Task details: Where the word "another" occurs in a line of the listing, please copy the line.

Material to process:

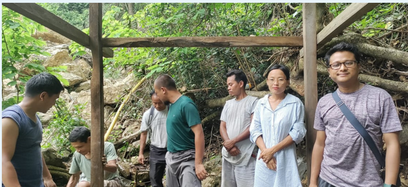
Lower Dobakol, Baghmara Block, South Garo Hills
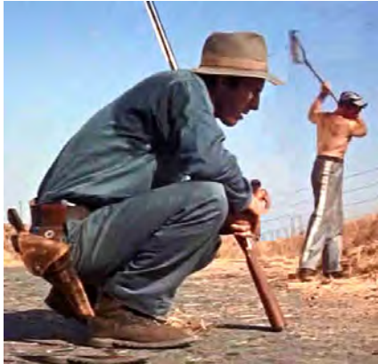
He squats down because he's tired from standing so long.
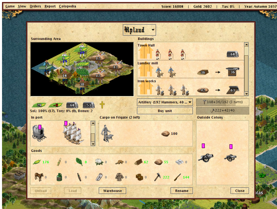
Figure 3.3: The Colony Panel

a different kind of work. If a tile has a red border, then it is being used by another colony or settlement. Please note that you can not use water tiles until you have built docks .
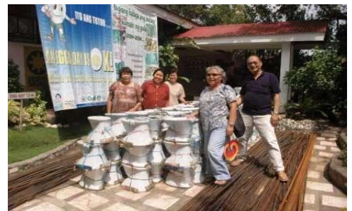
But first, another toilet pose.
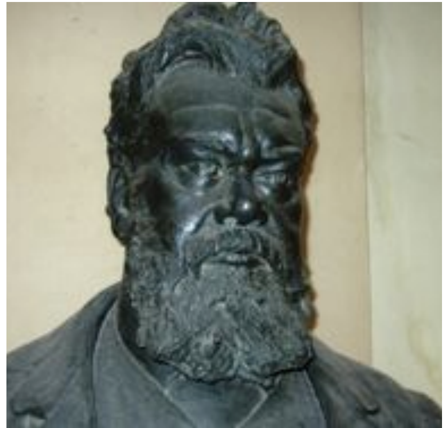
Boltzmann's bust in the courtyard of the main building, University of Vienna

...

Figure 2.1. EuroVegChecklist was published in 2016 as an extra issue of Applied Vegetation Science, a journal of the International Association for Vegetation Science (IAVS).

Response to the task:
a different kind of work. If a tile has a red border, then it is being used by another colony or settlement. Please note that you can not use water tiles until you have built docks .
But first, another toilet pose.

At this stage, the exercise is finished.